Apply updates to affect all users with this role immediately.
Permission changes affect all users assigned to the role immediately. Ensure changes are intentional and tested.
Create Similar Roles:
  • Copy existing role as starting point
  • Modify permissions for new requirements
  • Maintain consistent naming conventions
  • Save time on similar role creation
Use Cases:
  • Regional variations of the same role
  • Different permission levels for similar positions
  • Temporary project-specific roles
  • Department-specific modifications
Role Removal:
  • Only delete unused roles
  • Reassign users before deletion
  • Cannot delete roles with active assignments
  • Permanent action that cannot be undone
1

Check Role Usage

Verify no users are currently assigned to the role.
2

Reassign Users

Move affected users to appropriate alternative roles.
3

Confirm Deletion

Permanently remove the role from your system.
Role deletion is permanent and cannot be undone. Ensure all users are reassigned before deleting roles.

Permission System Architecture

Organized Permission Structure:
Business Settings
├── View business information
├── Edit business details
├── Manage business verification
└── Configure business settings

Customer Management
├── View customers
├── Create customers
├── Edit customers
└── Delete customers

Financial Operations
├── View transactions
├── Process refunds
├── Handle disputes
└── Access financial reports
Benefits:
  • Logical grouping of related permissions
  • Easy to understand and assign
  • Scalable permission structure
  • Clear hierarchy for dependencies

Atomic Permission Control

Complete Customization: Roles are built permission-by-permission. You start with zero access and add only the specific permissions needed. No permission bundles or packages - just individual atomic permissions you select.
Customer Support Representative:
  • ✅ View customers
  • ✅ Update customer information
  • ✅ View transactions
  • ✅ Process refunds
  • ❌ Delete customers
  • ❌ Create products
  • ❌ Manage API keys
Financial Analyst:
  • ✅ View transactions
  • ✅ Access financial reports
  • ✅ Export transaction data
  • ✅ View customers (for analysis)
  • ❌ Process refunds
  • ❌ Edit customers
  • ❌ Manage products
Inventory Manager:
  • ✅ View products
  • ✅ Manage inventory
  • ✅ Edit product information
  • ❌ Delete products
  • ❌ View transactions
  • ❌ Access customer data
Marketing Content Manager:
  • ✅ View products
  • ✅ Edit product information
  • ✅ View customers (for campaigns)
  • ✅ Export customer data
  • ❌ Manage inventory
  • ❌ Process transactions
  • ❌ Delete anything
Key Principle: Each permission operates independently. You can:
  • Grant “View Customers” without “Edit Customers”
  • Allow “Create Products” without “Delete Products”
  • Enable “View Transactions” without “Process Refunds”
  • Provide “Export Data” without “Delete Records”
  • Mix read permissions across all categories
  • Combine write permissions selectively
No Forced Bundles: Unlike traditional role systems, you’re never forced to grant more access than needed.
Start from Zero: Every new role begins with no permissionsAdd Selectively: Choose only the permissions that match the user’s actual job needsMix Categories: Combine permissions from different areas as neededRefine Over Time: Add or remove individual permissions as roles evolve
The atomic approach means you can create highly specialized roles like “Invoice-Only Finance” or “Product-View Marketing” that precisely match your business workflows.

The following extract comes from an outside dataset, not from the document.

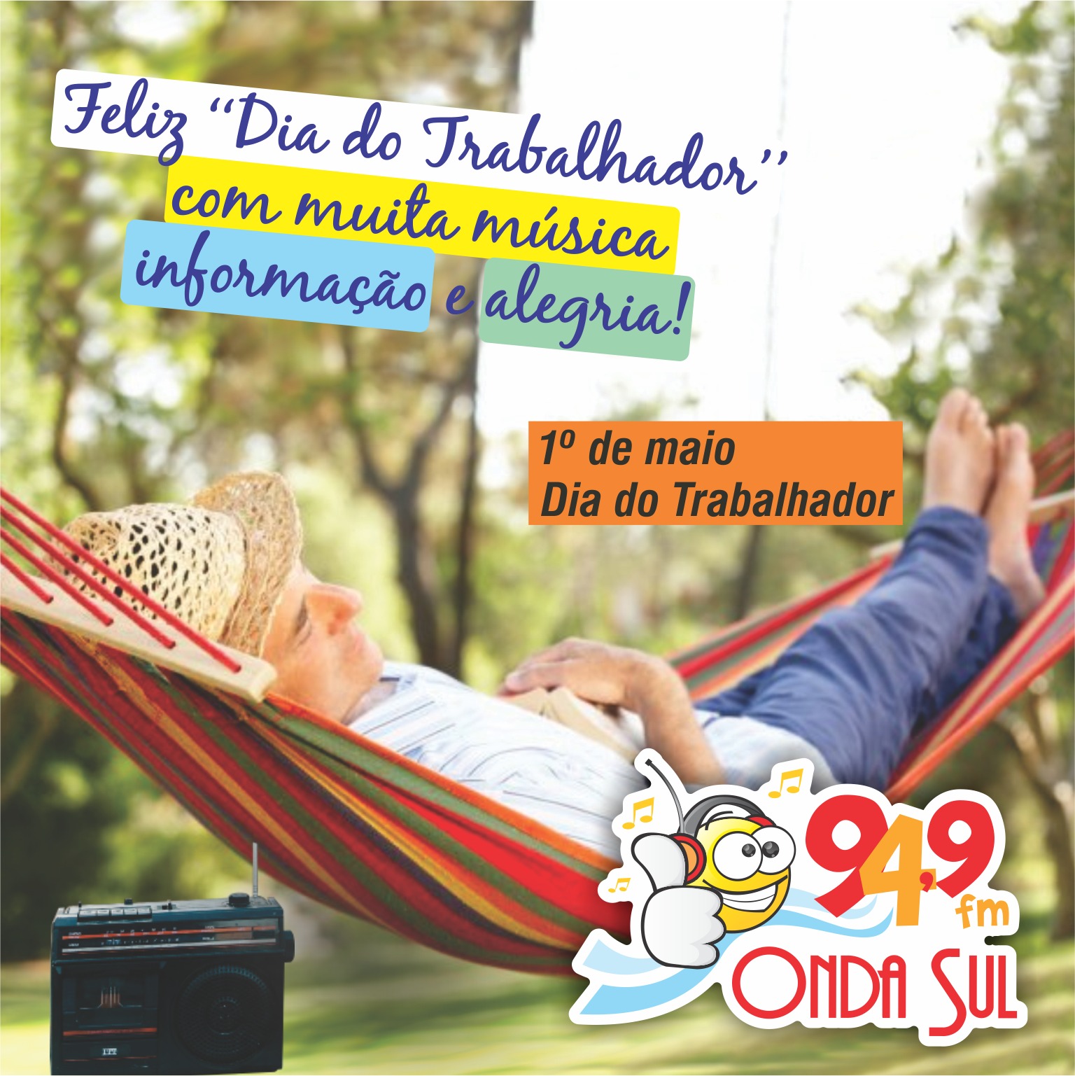 É com muito carinho, respeito e admiração, que a RÁDIO ONDA SUL FM 94,9 deseja a todos os trabalhadores da nossa linda região, um "Feliz DiadoTrabalhador, com muita paz, saúde, alegria, fartura e prosperidade !!!

Role Assignment Strategies

Department-Based Roles

Create roles that match organizational departments and their specific needs

Function-Based Roles

Design roles around specific job functions regardless of department

Level-Based Roles

Establish roles that reflect seniority and responsibility levels

Project-Based Roles

Temporary roles for specific projects or initiatives
Build roles atomically by selecting individual permissions to create precise access control that matches your exact business needs and team responsibilities.